“What we have now in Indonesia is the same old New Order without Suharto. Nothing is really changing.”
With these words, a 21-year-old student activist named Yongki summed up the frustration and cynicism being expressed at a marathon emergency meeting in Malang, East Java, last month to protest the proposed new state security law. Yongki and his fellow students believe that whoever becomes president of Indonesia in the election scheduled for November will be no more than a puppet of the military — a perception shared by Indonesians of all ages, classes and professions. One thing is certain: People who are optimistic about the prospects for meaningful political reform in Indonesia are thin on the ground.
What went wrong? Since the toppling of President Suharto in May 1998, Indonesians have enjoyed expanded civil rights, a robustly critical press, free and fair parliamentary elections and the defeat of Golkar (the widely detested ruling party during the New Order). Moreover, President B.J. Habibie has been taking a whipping in the media. So, given all this good news, why all the pessimism and skepticism?
For one thing, the Bank Bali political-fundraising scandal swirling around Habibie’s inner circle, along with the botched high-level coverup, has reminded Indonesians of Watergate, a sign that dirty politics is still the name of the game. Revelations that Megawati Sukarnoputri’s Indonesian Democratic Party of Struggle (PDI-P) has dubious links with Bank Lippo (owned by the Riady family of Clinton campaign-finance notoriety) has further dashed hopes for real reform. In addition, an audit of the state-owned oil conglomerate Pertamina recently found that about $6 billion has disappeared, and suspicions are rife that it slipped into the pockets of military leaders.
Add these tales of malfeasance to the glacial pace of the probe into corruption allegations against Suharto, and it is easy to understand why a weary citizenry is collectively shrugging its shoulders. Justice seems as elusive as ever. Moreover, there is scant confidence that any of the potential political leaders will be able to deal with the country’s devastating economic crisis.
Those with an interest in preserving the status quo are also trying to claw back some of the power lost during the wave of reforms. The new state security legislation brought the students back onto the streets of Jakarta, but observers say the odds are now stacked in favor of the military.

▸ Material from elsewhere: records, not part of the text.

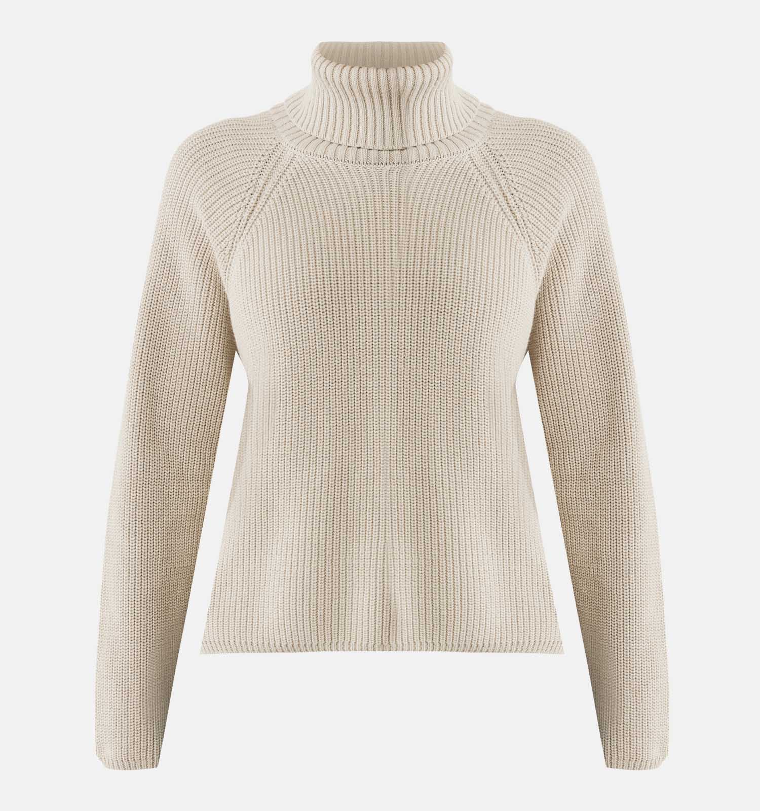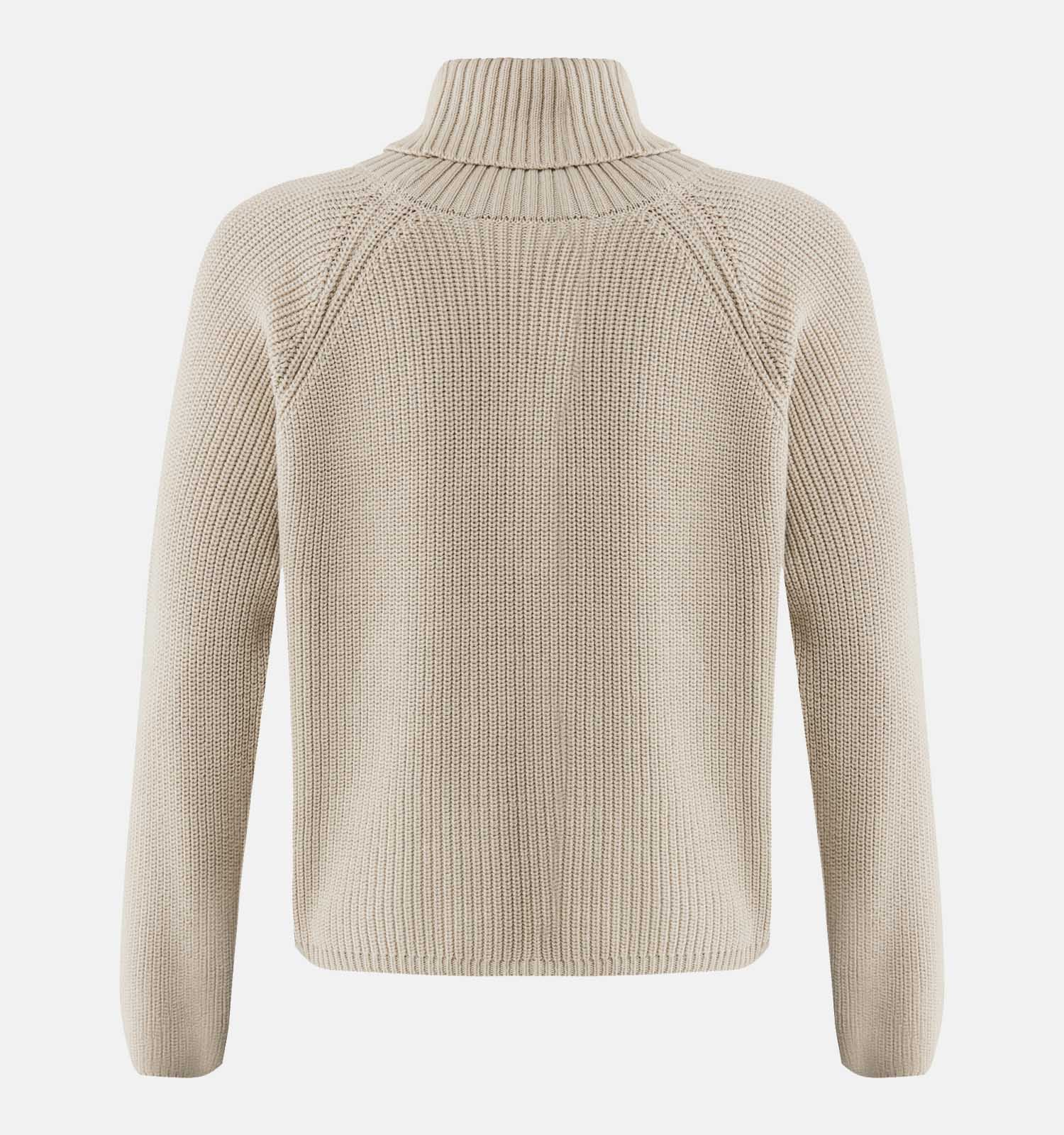 Deze damestrui in de kleur beige heeft een rolkraag, en lange mouwen. De truilengte is 47 cm bij maat .
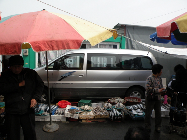 지난 장날(21일), 비좁은 장터에 '떡' 하니 자리 잡은 봉고차! 노점상과 장옥상인들을 한 곳에 한꺼번에 내몰아놓고 "니들끼리 알아서 해라"는 식으로 수수방관하는 군이 정말 답답할 뿐이다.
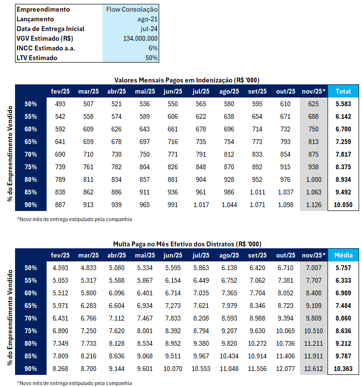 A partir desse exercício, buscamos dimensionar o potencial passivo da companhia em diferentes hipóteses, avaliando o impacto financeiro caso parte relevante dos compradores opte pela rescisão ou pela cobrança de indenizações. Tal análise permite não apenas estimar a pressão adicional sobre o caixa da Gafisa, mas também evidenciar os riscos de prolongamento da crise operacional da companhia em um contexto de crédito restrito e maior escrutínio do mercado.

The legislation has been temporarily suspended in a bid to quell street protests, but this is a stopgap strategy. The students appear determined not to accept anything less than repeal, while the military and the government appear equally resolute that the bill will be enacted. Military sources confirm that the new legislation is mainly aimed at dealing with an expected storm of protest after the presidential election in November, triggering speculation that the powers that be are preparing an outcome that will be unacceptable to the public.

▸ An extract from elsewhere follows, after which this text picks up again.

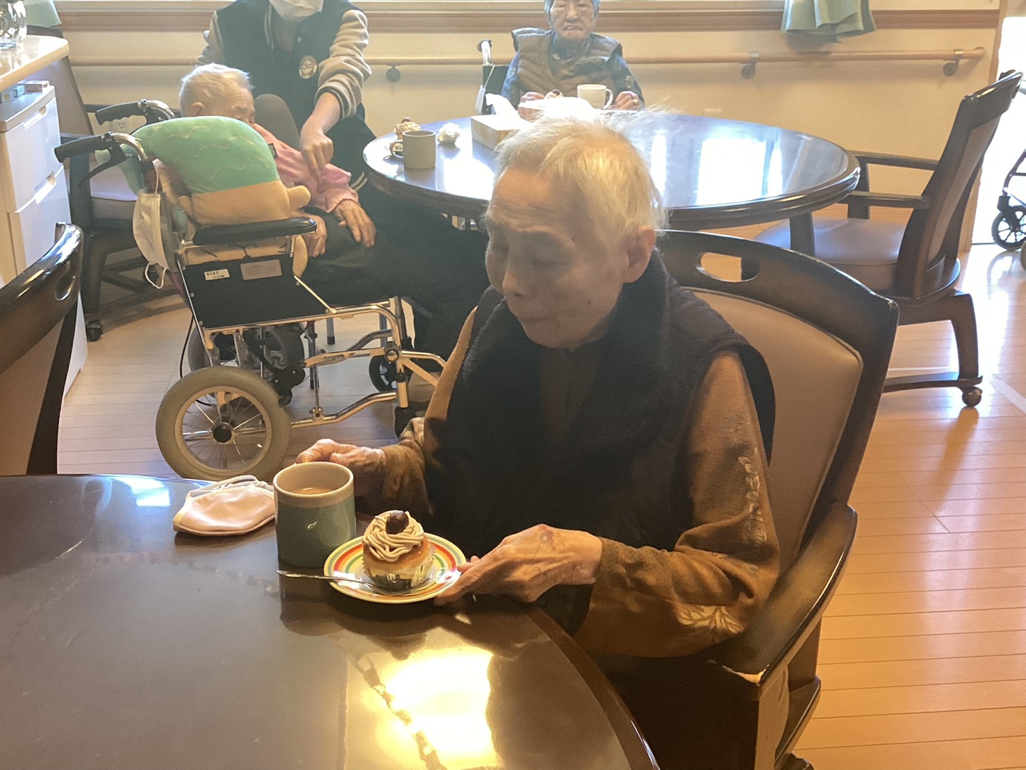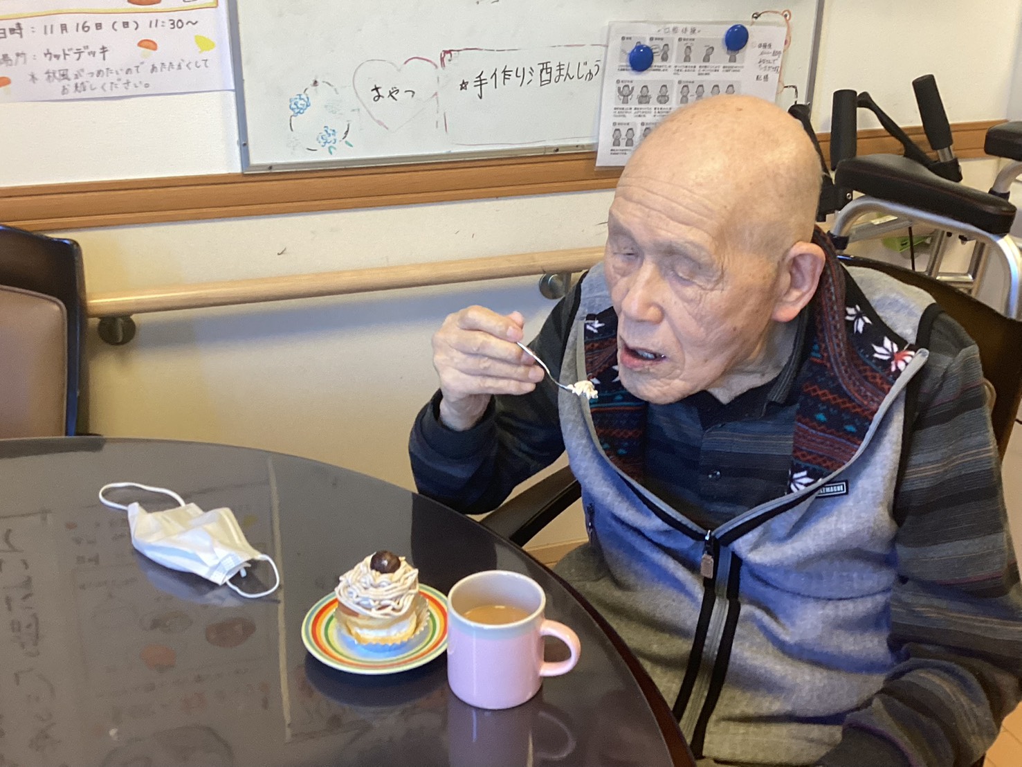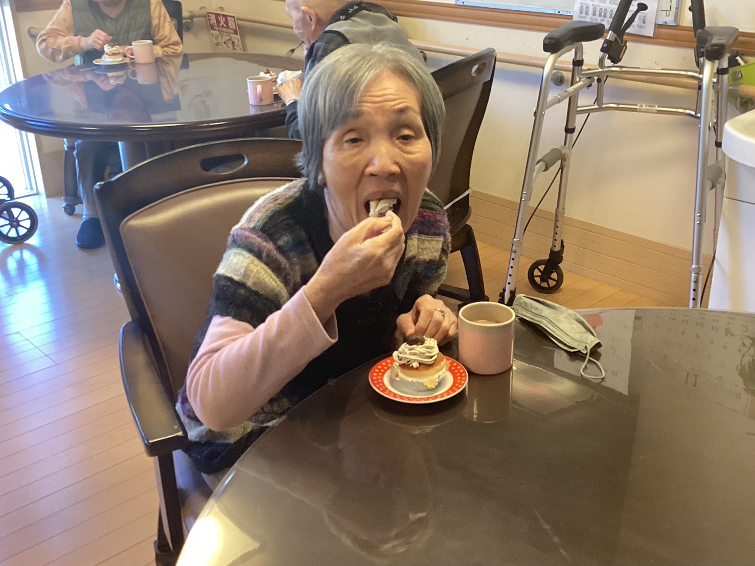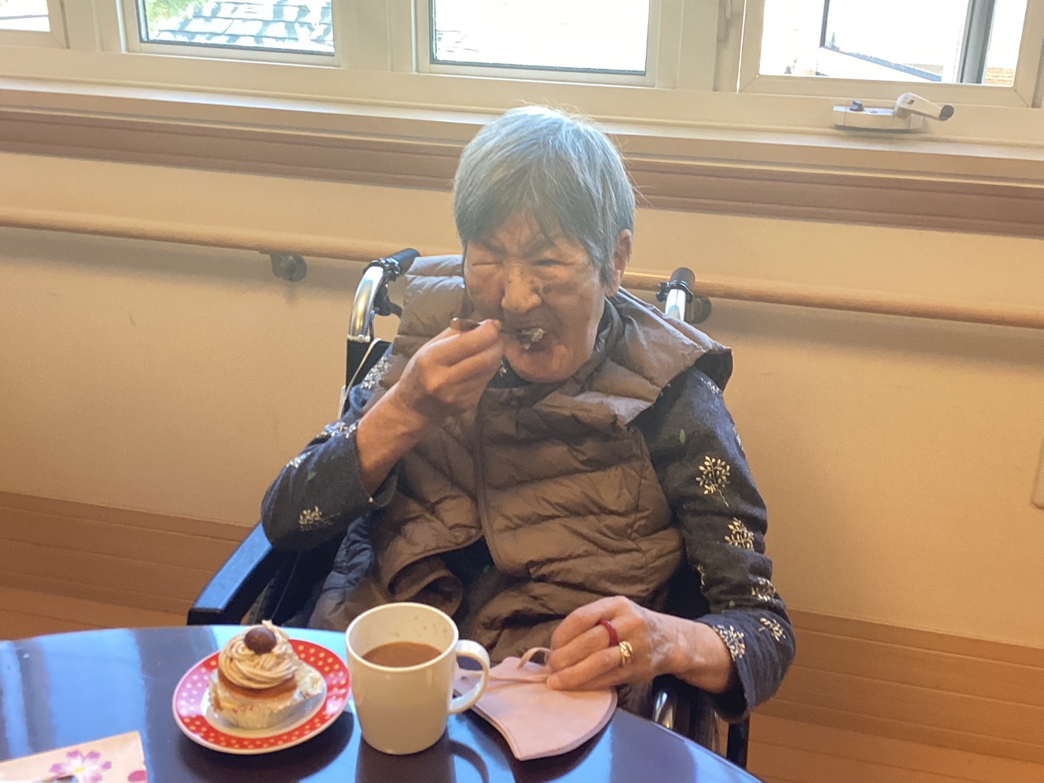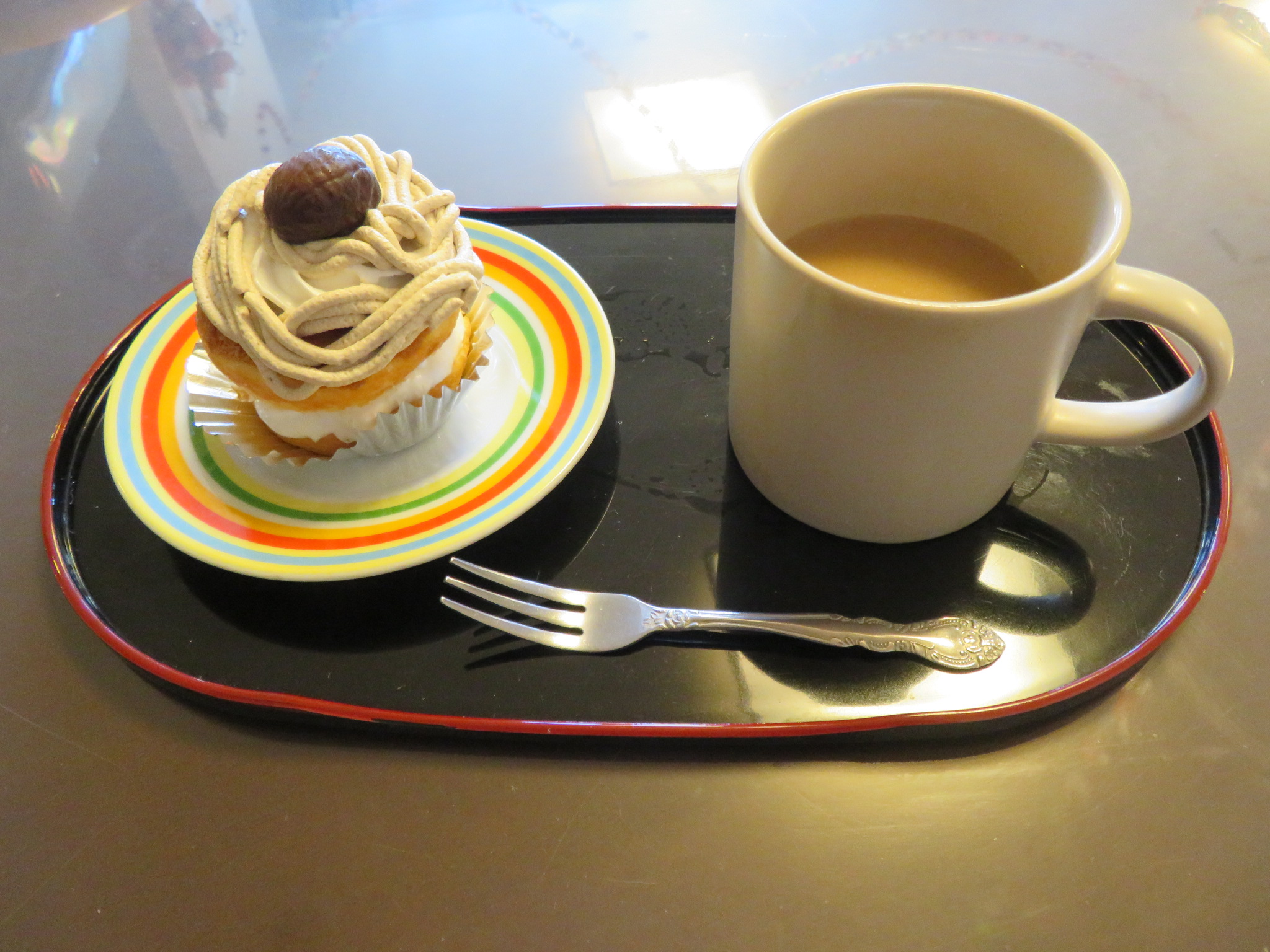 おやつは、モンブランのケーキとドリップコーヒーです。

Why is the emergency-powers bill being so fiercely contested? There are several reasons. It runs counter to popular demands for the military to return to their barracks and stop meddling in politics. The president is granted extraordinary discretion to decide unilaterally whether or not to declare a state of emergency in a particular region. He or she does not need to get permission from Parliament and does not need to account for any decision. There are no time limits or requirements for renewal of the declaration of a state of emergency. There are also no criteria for determining what constitutes a state of emergency. Once the president declares a state of emergency, the military is sanctioned to use whatever force it deems necessary to restore stability, and all civil rights can be suspended at the military’s discretion. It is exactly this concentration of unaccountable authority that plagued Indonesia during the New Order (1966-1998).

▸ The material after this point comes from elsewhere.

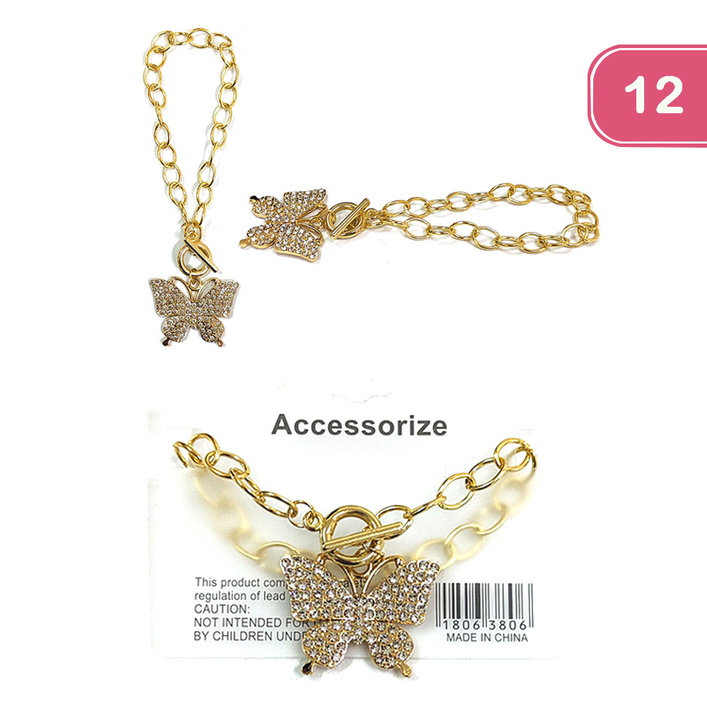 FASHION RHINESTONE BUTTERFLY CHARM BRACELET (12 UNITS)

Remarkably, neither of the two leading contenders for the presidency, Megawati and Gus Dur, has spoken out against the new legislation. In the media and on the streets, this bill is considered a major political issue, but the deafening silence from these two leaders is interpreted as a sign of their unwillingness to confront the military leadership. Few doubt that the military still holds the keys to the presidential palace and is being wooed and cultivated accordingly.
The Jakarta rumor mill is generating several scenarios. The expectation of street demonstrations associated with the presidential elections may mean there are plans to derail the candidacy of Megawati, the leader of the most popular party in Indonesia. Armed Forces Chief Gen. Wiranto may feel his interests lie in supporting Habibie’s re-election in exchange for the vice-presidential post. He could then move to oust Habibie in a constitutional coup d’etat. Given his concerns about being indicted as a war criminal over East Timor, his personal interest in such a scenario cannot be lightly dismissed. Of course, he could also do a deal with Megawati, but ousting her would be more problematic.
It is this climate of apprehension about the military’s intentions that explains why the “parliament of the streets” has turned violent. Feri, the only avowed optimist I met, is a journalist who sees hope in an assertive military.
“Look,” he said, “the military is the only strong institution we have and if Indonesia is going to cope with its problems it will need the military to play a central role. It will be crazy if they return to the barracks.”
In Indonesia, such benign views of the military are as rare as pigs in a mosque. Interviews with a wide spectrum of Indonesians indicate scant support for the new bill, simply because the military is not trusted. Virtually all Indonesians I met want the military to stay out of politics. There is widespread sentiment that the military itself is the most dangerous threat to peace and stability. At the same time, it is true that the sad legacy of the New Order is atrophied political institutions and a concentration of relative administrative competence in the armed forces.
East Timor has done nothing to bolster the military’s credibility. Even pedicab drivers and food stall vendors talk openly about the military orchestrating the recent spate of violence there and in Aceh, Ambon and Irian Jaya. The military is seen as the enemy of the people even as it tries to convince the public that the climate of instability requires stronger security measures.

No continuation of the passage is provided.